Record Revenue and Improved Margins
Fiscal 2025 total revenue of $726,000,000 and fourth-quarter consolidated non-GAAP gross margin improved to 80% (vs. 79% a year ago). Company reported highest gross margins in its history and is targeting a five-percentage-point margin improvement vs. 2024 (76% non-GAAP) by 2030.
EXPAREL Q4 Sales and Volume Growth
Fourth-quarter EXPAREL sales of $155.8M vs. $147.7M in Q4 2024 (~+5.5% revenue), with volume growth of approximately +7% year-over-year in Q4 driven by broader payer coverage and commercial initiatives.
Expanded Payer Coverage and Market Access
Ended 2025 with 102,000,000 lives covered for EXPAREL outside the surgical bundle (management noted this climbed to ~110,000,000 in early 2026), highlighting major commercial payer wins (Aetna, Cigna, TRICARE, Humana) and Medicare ASP+6% outpatient reimbursement.
Strategic Partnerships and Ex-U.S. Expansion
Signed major partnerships: LG Chem to commercialize EXPAREL in select Asia Pacific countries (South Korea, Thailand) with regulatory filings anticipated in 2026 and revenue expected to begin in 2027; J&J MedTech partnership now fully trained and expanding ZILRETTA reach in the U.S.
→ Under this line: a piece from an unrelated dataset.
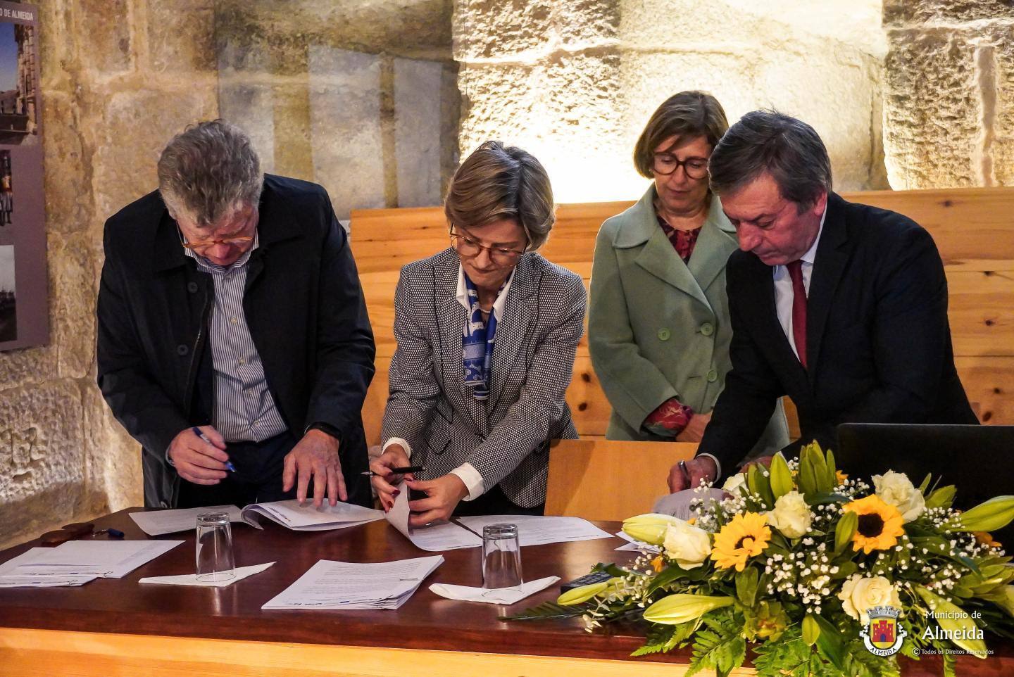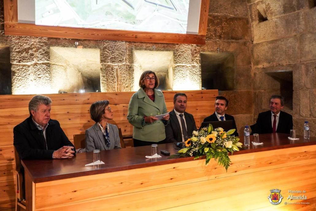 Esteve presente hoje, 27 de novembro, em Almeida a Secretária de Estado da Cultura, Dra. Isabel Cordeiro, acompanhada do Diretor Geral do Património Cultural, Arquiteto João Carlos dos Santos e da Diretora Regional da Cultura do Centro, Dra. Suzana Menezes para assinatura do Contrato Interadministrativo de Cooperação destinado a financiar a realização do projeto de investimento de consolidação estrutural das Muralhas de Castelo Mendo.

Strengthened IP and Litigation Outcome
Secured a volume-limited settlement with Fresenius providing EXPAREL runway visibility through 2039 and expanded IP estate to 21 patents across two families (up from a single patent at first Paragraph IV filing).
Progress on Pipeline with Near-Term Milestones
Advancing a data-rich phase: Phase II ASCEND Part A (PCRX-201) 52-week data expected end of year (49 patients enrolled); Part B to enroll ~90 patients starting midyear; interim analyses and top-line readouts for ZILRETTA shoulder OA and ioverao spasticity planned in 2026.
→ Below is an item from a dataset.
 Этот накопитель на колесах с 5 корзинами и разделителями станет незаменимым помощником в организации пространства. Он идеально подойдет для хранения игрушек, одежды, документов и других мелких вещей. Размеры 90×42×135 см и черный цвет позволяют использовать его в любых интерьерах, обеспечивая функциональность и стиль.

Cash Position and Shareholder Returns
Exited Q4 with $238,000,000 in cash and investments. Executed share repurchases (management referenced $150,000,000 of repurchases year-to-date, including $50,000,000 in Q4), retired ~2,000,000 shares and reduced outstanding shares to ~41,000,000; $150,000,000 remaining on buyback authorization.
Operational Manufacturing Improvements
Better-than-expected yields from new 200-liter EXPAREL facilities lowered per-unit costs and improved margins; management is adjusting production to hit inventory targets and expects steady margin increases via continuous improvement initiatives.